▶ [WHAT IS EXPECTED]:
Each line of the listing where the string "Gambar" appears is to be identified and copied.

-------- RECORDED INFORMATION --------

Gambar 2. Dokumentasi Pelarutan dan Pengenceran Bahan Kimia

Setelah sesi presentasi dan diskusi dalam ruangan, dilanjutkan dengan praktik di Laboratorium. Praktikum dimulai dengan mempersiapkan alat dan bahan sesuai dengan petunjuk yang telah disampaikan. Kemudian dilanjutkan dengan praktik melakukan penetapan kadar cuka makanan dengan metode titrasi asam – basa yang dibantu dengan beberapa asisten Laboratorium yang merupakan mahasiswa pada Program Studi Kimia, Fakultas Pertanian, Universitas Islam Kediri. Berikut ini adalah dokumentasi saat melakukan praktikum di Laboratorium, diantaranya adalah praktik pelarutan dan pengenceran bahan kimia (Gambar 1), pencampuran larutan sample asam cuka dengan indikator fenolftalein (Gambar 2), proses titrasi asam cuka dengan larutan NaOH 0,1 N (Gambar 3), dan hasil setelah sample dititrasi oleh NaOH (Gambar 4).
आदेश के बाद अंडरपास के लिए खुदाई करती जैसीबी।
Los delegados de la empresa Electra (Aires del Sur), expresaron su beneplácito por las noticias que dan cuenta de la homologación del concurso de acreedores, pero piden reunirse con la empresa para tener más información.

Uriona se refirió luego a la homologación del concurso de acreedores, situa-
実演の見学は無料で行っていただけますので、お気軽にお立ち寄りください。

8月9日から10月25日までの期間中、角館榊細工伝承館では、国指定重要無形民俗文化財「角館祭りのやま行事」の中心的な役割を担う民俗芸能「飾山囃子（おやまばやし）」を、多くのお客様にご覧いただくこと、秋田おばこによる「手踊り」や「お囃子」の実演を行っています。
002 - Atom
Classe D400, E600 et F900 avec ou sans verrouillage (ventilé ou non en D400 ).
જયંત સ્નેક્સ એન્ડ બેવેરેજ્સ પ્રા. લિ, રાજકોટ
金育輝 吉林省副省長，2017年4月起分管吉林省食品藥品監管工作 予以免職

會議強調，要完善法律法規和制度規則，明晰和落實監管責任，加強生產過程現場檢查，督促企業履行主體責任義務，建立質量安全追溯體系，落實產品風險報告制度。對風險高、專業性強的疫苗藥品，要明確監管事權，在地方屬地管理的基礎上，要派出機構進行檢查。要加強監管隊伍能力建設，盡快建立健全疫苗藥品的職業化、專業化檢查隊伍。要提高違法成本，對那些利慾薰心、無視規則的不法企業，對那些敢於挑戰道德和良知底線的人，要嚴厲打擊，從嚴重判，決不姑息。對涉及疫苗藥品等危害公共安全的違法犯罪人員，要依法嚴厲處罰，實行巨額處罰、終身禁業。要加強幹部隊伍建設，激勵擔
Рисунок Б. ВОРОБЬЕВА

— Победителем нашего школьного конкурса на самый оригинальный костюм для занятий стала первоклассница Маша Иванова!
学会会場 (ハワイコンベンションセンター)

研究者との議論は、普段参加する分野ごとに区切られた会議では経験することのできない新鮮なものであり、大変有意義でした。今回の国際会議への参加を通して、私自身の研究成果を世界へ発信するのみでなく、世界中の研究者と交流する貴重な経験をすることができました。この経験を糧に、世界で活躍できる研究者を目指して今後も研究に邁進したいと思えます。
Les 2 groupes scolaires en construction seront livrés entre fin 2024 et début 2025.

--------
-------- RECORDED INFORMATION --------

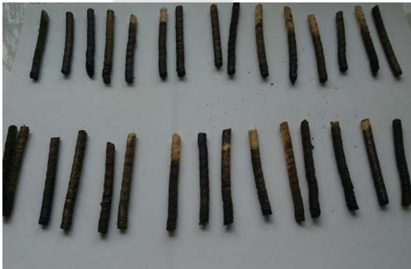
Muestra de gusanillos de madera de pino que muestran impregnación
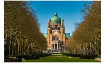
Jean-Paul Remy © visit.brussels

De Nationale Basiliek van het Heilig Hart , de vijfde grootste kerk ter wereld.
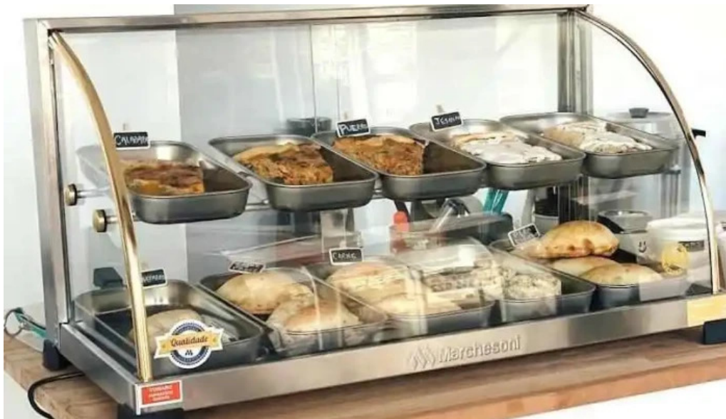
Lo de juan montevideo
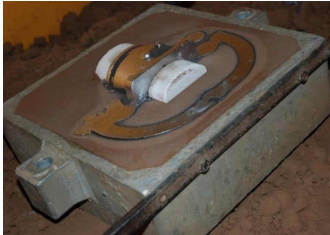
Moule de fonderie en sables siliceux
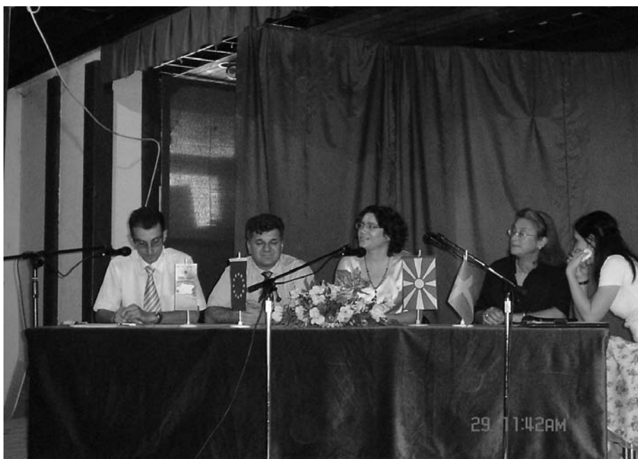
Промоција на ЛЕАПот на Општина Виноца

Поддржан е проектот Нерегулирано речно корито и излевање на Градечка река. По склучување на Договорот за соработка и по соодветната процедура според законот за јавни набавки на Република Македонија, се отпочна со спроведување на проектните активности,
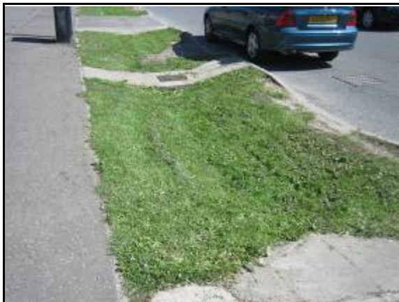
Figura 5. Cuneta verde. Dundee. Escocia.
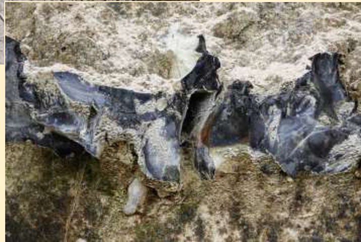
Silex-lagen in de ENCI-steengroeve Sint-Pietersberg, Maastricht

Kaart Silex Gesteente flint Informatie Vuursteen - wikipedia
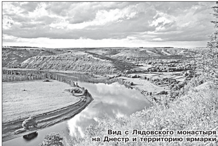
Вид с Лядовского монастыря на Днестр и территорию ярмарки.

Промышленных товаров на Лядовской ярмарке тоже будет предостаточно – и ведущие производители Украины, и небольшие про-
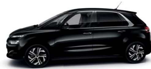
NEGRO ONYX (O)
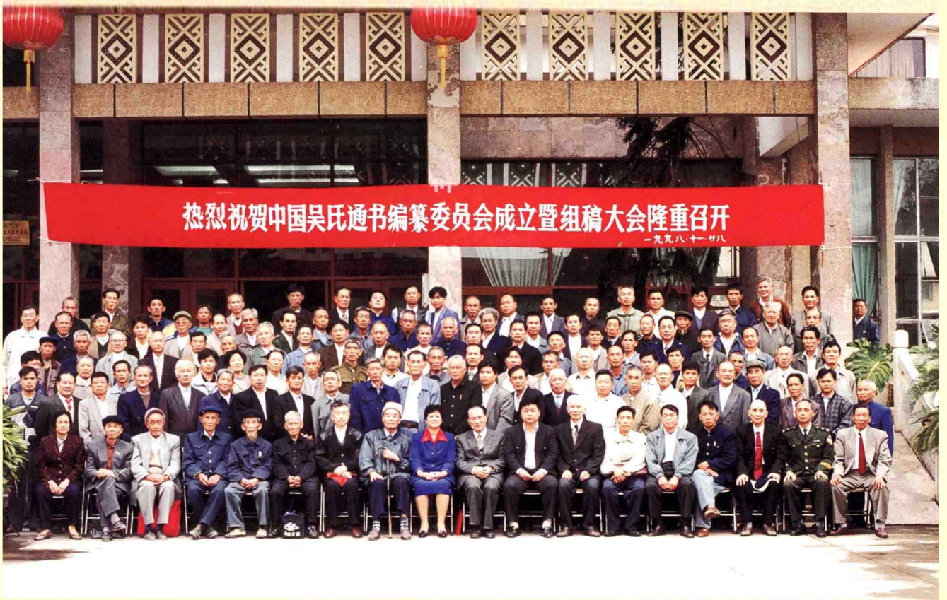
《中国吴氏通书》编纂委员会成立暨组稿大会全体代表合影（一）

--------

▶ [RESPONSE TO THIS TASK]:
Gambar 2. Dokumentasi Pelarutan dan Pengenceran Bahan Kimia
Setelah sesi presentasi dan diskusi dalam ruangan, dilanjutkan dengan praktik di Laboratorium. Praktikum dimulai dengan mempersiapkan alat dan bahan sesuai dengan petunjuk yang telah disampaikan. Kemudian dilanjutkan dengan praktik melakukan penetapan kadar cuka makanan dengan metode titrasi asam – basa yang dibantu dengan beberapa asisten Laboratorium yang merupakan mahasiswa pada Program Studi Kimia, Fakultas Pertanian, Universitas Islam Kediri. Berikut ini adalah dokumentasi saat melakukan praktikum di Laboratorium, diantaranya adalah praktik pelarutan dan pengenceran bahan kimia (Gambar 1), pencampuran larutan sample asam cuka dengan indikator fenolftalein (Gambar 2), proses titrasi asam cuka dengan larutan NaOH 0,1 N (Gambar 3), dan hasil setelah sample dititrasi oleh NaOH (Gambar 4).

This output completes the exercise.